Schusteria marina sp. nov. (Acari, Oribatida, Selenoribatidae) an intertidal mite from Caribbean coasts, with remarks on taxonomy, biogeography, and ecology

ABSTRACT

Schusteria marina sp. nov. is a newly discovered intertidal mite species found on the Lesser Antillean Islands of Martinique and Grenada. It represents the first record of the genus Schusteria within the Caribbean area. Schusteria marina sp. nov. is very similar to the type species, S. littorea from Brazil, but can be distinguished by its smaller body size, a median sternal dark sclerotized small ridge on epimeron I and a few other less pronounced differences. Both species are closely related and form a Western Atlantic Schusteria clade, which is characterized by the possession of a pair of faint anterior epimeral ridges. Schusteria marina sp. nov. occurs on different littoral substrates, e.g. mangrove roots, anthropogenic concrete structures, but seems to be associated with an intertidal red alga belonging to the genus Bostrychia Montagne, 1842 growing on these substrates.
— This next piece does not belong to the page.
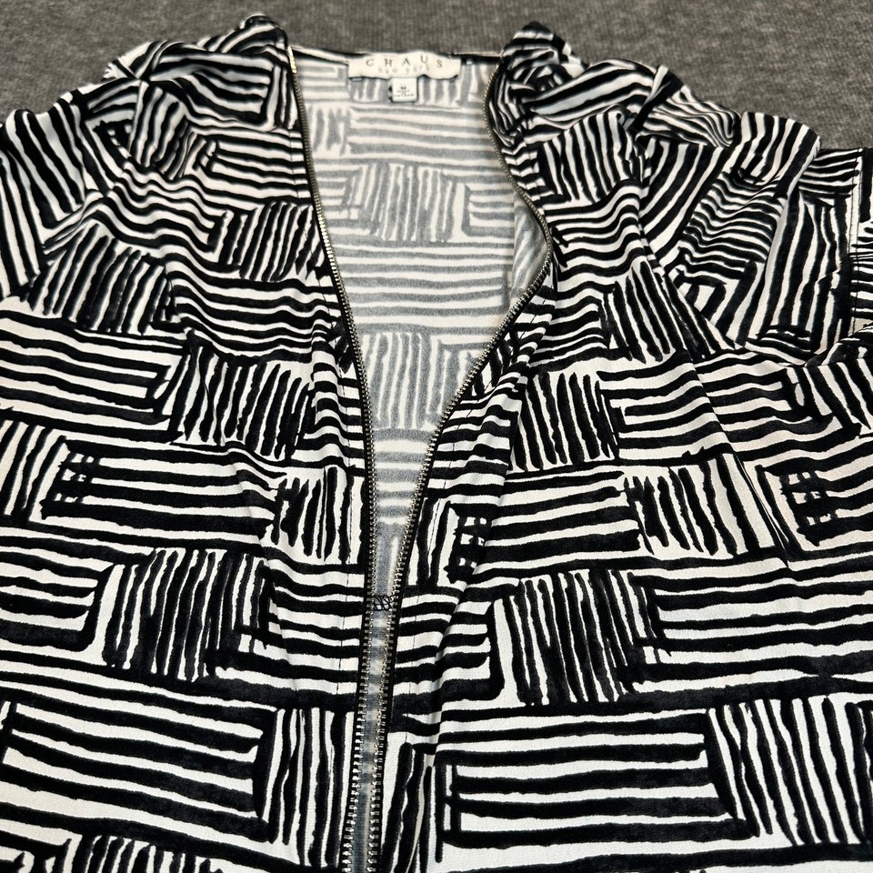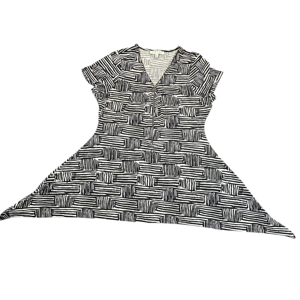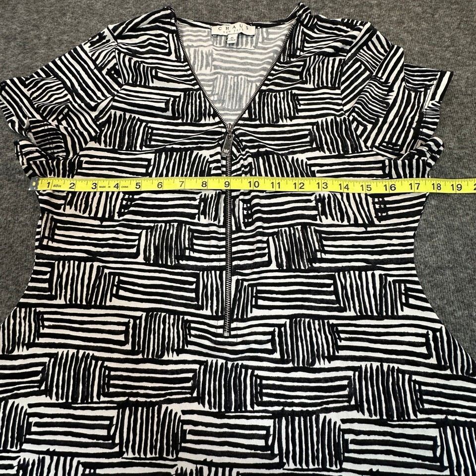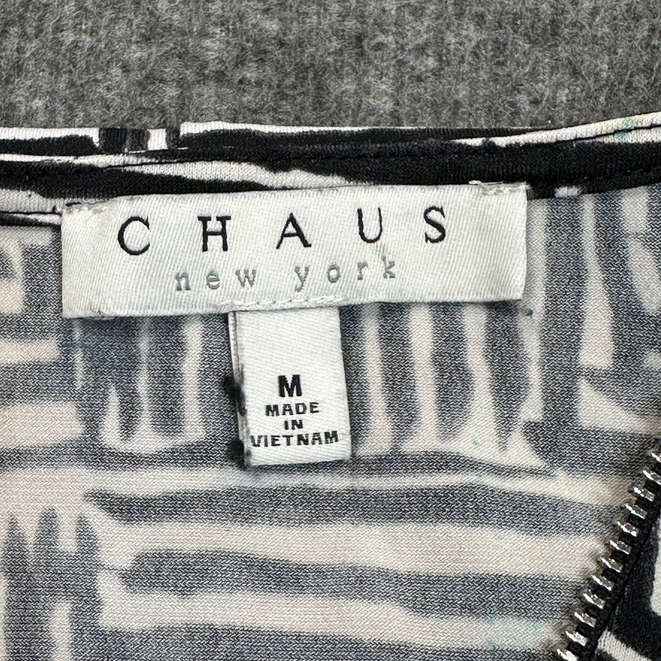 - Chaus NY Blouse Womens Medium Black White Geometric Pattern Asymmetrical Shirt

http://zoobank.org/urn:lsid:zoobank.org:pub:C246533E-D108-4F2C-8577-545C059D46CE

KEYWORDS:

• Lesser Antilles
• morphology
• littoral
• systematics
• Thalassozetes
• Rhizophobates

Introduction

The genus Schusteria Grandjean, 1968 belongs to Selenoribatidae, a family of exclusively intertidal oribatid mites occurring on coasts of the subtropics and tropics. Grandjean (1968) described the type species, Schusteria littorea, based on specimens from Brazil. A further four Schusteria species have been described, but all of them have been subject to taxonomic controversies.

Marshall and Pugh (2000) described Schusteria melanomerus and Schusteria ugraseni, which inhabit marine shores of southern Africa, but Karasawa and Aoki (2005) questioned this classification and transferred both species to Rhizophobates. Later, Pfingstl and Schuster (2012) as well as Pfingstl (2016) argued that both taxonomic transfers were unjustified and that these South African species should remain in Schusteria.

Karasawa and Aoki (2005) described two other species, Schusteria nagisa and S. saxea, from Japanese coasts. Pfingstl and Schuster (2012) doubted their classification, arguing that it was based on inaccurate premises. They refrained from changing the classification and suggested that the generic diagnosis of Schusteria should be reconsidered to solve these taxonomic problems, but the situation is still unclear.

Schusteria species collectively are widely distributed and occur transoceanically (Pfingstl and Schuster 2014). In the Atlantic Ocean, there are records of S. littorea and of an undetermined Schusteria species from shores of Brazil (Grandjean 1968); in the Indo-Pacific, S. melanomerus and S. ugraseni can be found on Southeast African coasts from Kenya to South Africa (Marshall and Pugh 2000; Pfingstl 2016), while S. nagisa and S. saxea occur on the Japanese Ryukyu Islands (Karasawa and Aoki 2005); and in the East Pacific, there are reports of S. littorea from Galápagos (Schatz 1998) and of an undetermined Schusteria species from El Salvador in Central America (Grandjean 1968).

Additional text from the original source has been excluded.